8. The aeration system for wastewater treatment according to claim 1, characterized in that, The training methods for the prediction model include: Multiple training samples are obtained, including influent water quality parameters, equipment parameters, and effluent water quality parameters, wherein the effluent water quality parameters are sample labels corresponding to the influent water quality parameters and equipment parameters; All training samples are input into the prediction model to be trained to obtain the corresponding prediction results; Based on the sample labels of all training samples and the corresponding prediction results, calculate the loss value of the loss function of the prediction model; Based on the loss value, the parameters in the prediction model to be trained are adjusted to obtain the pre-trained prediction model.
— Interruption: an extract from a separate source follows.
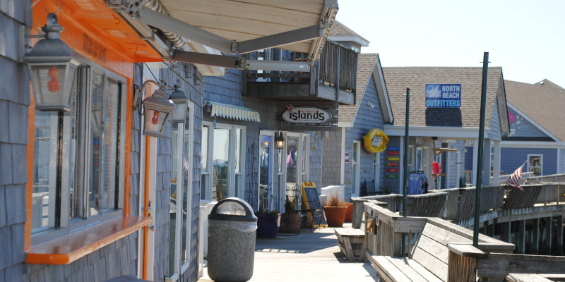 Located in Duck, The Waterfront Shops are the perfect blend of great shopping meets gorgeous natural scenery. In fact, nothing reminds you that you're on a beach vacation like perusing shops perched right on the water's edge! Enjoy shops like Outer Banks Olive Oil Co., Gray's, Sea Dragon Gallery, Candy & Corks, Duck's General Store, and Duck's Cottage Coffee & Books. Plus, when you get hungry, there are great dining options including The Blue Point Bar and Grill and Sunset Ice Cream & Cappuccino.

9. An aeration method for wastewater treatment, using the wastewater treatment aeration system as described in any one of claims 1 to 8, characterized in that, include: Detect the influent water quality parameters at multiple locations within the oxidation ditch; The equipment parameters of the aeration actuator are obtained, and the equipment parameters are fine-tuned according to multiple preset constraints to generate multiple candidate equipment parameter sets; wherein, each candidate equipment parameter set includes multiple equipment parameters generated by multiple fine-tuning under the same constraints. Based on the influent water quality parameters and multiple candidate equipment parameter sets, the predicted effluent water quality parameters corresponding to each candidate equipment parameter set are generated through a pre-trained prediction model; wherein, the prediction model is an LSTM prediction model; Each candidate device parameter set and its corresponding predicted effluent water quality parameters are input into a preset objective function to obtain the corresponding objective function value; based on the objective function value, all candidate device parameter sets are filtered, and the filtered candidate device parameter sets are used as control sequences to control the operation of the aeration actuator according to the control sequences.